Task prompt>
Output the listing exactly, without its pictures.

··········

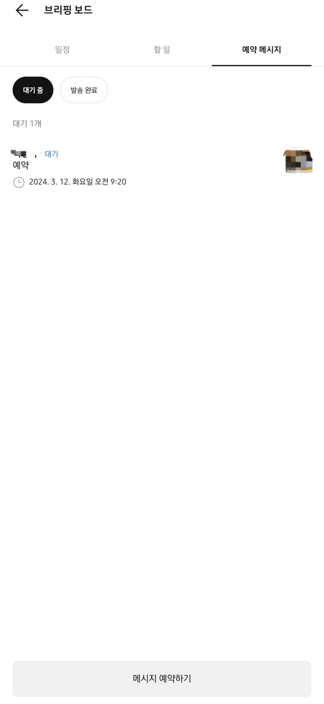 예약메시지 브리핑보드 대기 중 목록에 떠있습니다.
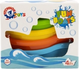 Sættet indeholder fire både i klare farver – blå, orange, grøn og gul – som nemt kan stables for enkel opbevaring. Formen og farverne stimulerer børns fantasi og kreativitet under vandlegen.
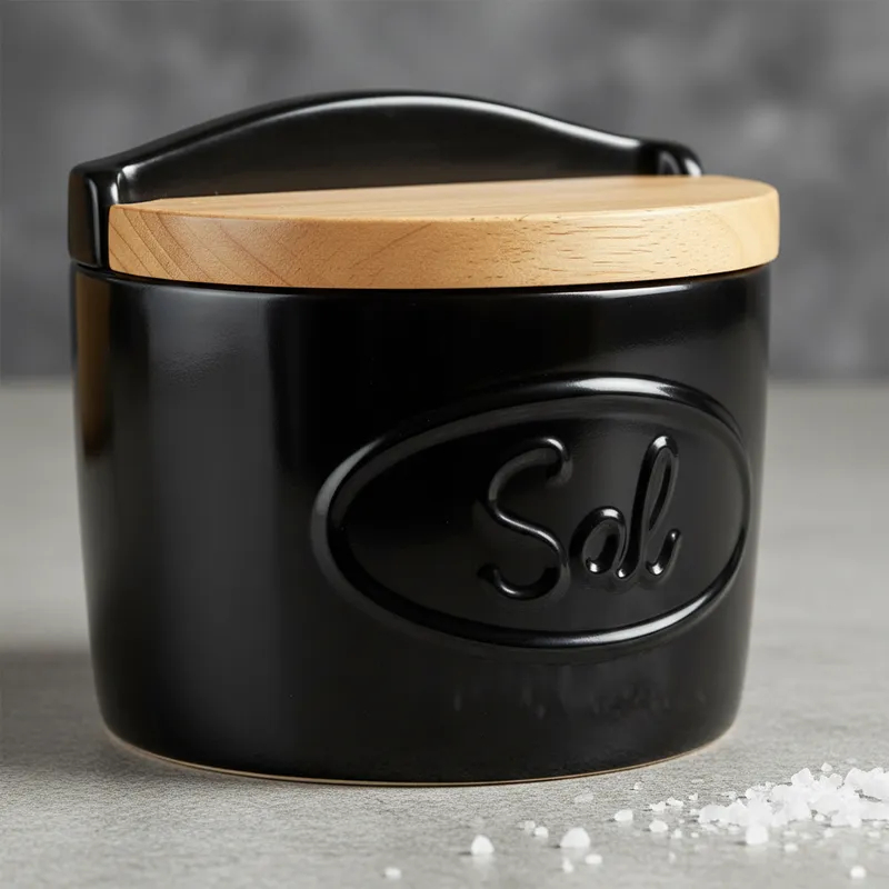 Saleiro De Porcelana Com Tampa De Madeira Elemento Essencial
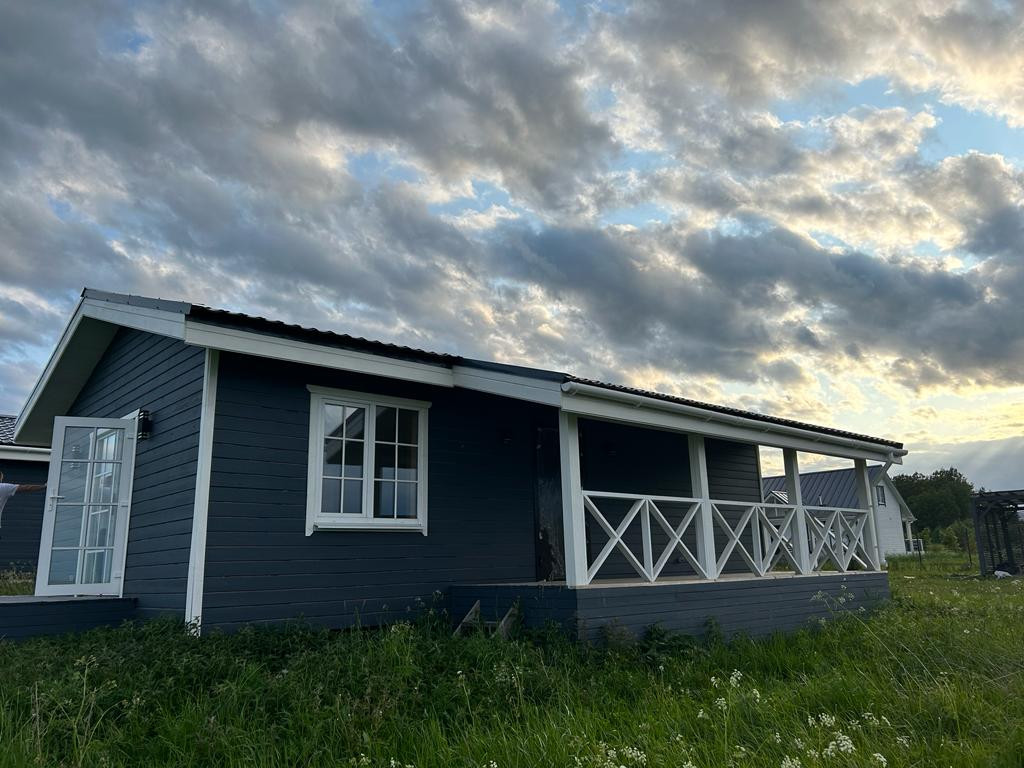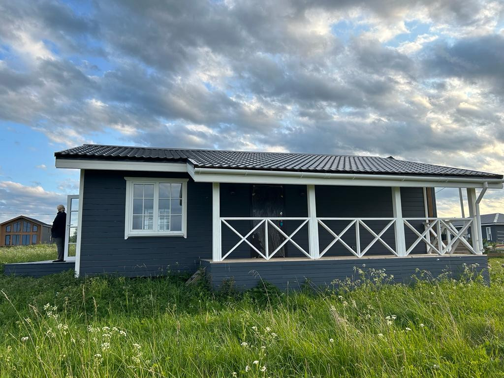 Поселок построен в скандинавском стиле, уже заселено более 100 домов.
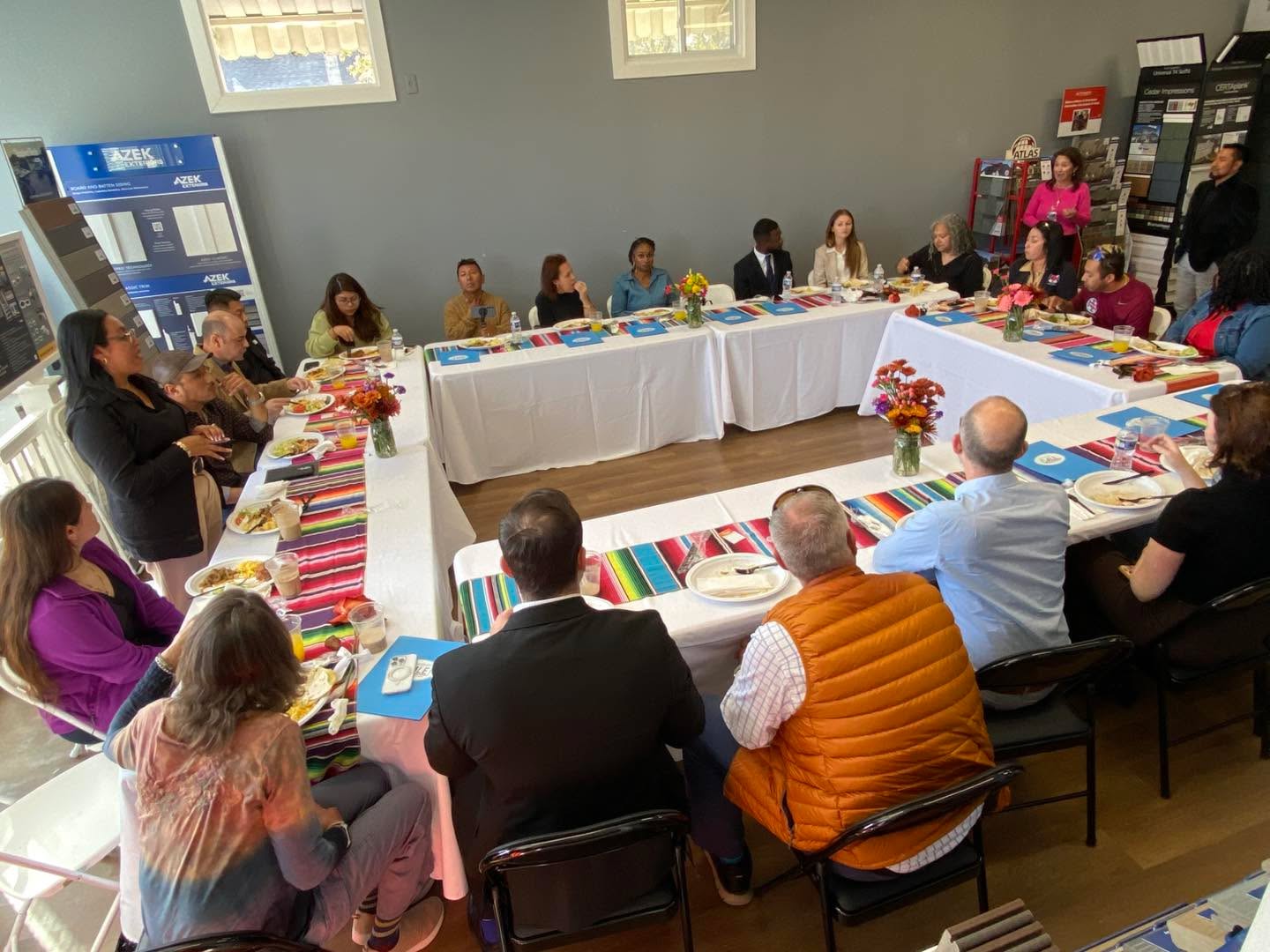 Al final de la jornada, se presentaron contratistas hispanos durante un almuerzo de trabajo en las oficinas de Morales Builders, momento que refleja la foto.

··········

Exercise result>
 예약메시지 브리핑보드 대기 중 목록에 떠있습니다.
 Sættet indeholder fire både i klare farver – blå, orange, grøn og gul – som nemt kan stables for enkel opbevaring. Formen og farverne stimulerer børns fantasi og kreativitet under vandlegen.
 Saleiro De Porcelana Com Tampa De Madeira Elemento Essencial
 Поселок построен в скандинавском стиле, уже заселено более 100 домов.
 Al final de la jornada, se presentaron contratistas hispanos durante un almuerzo de trabajo en las oficinas de Morales Builders, momento que refleja la foto.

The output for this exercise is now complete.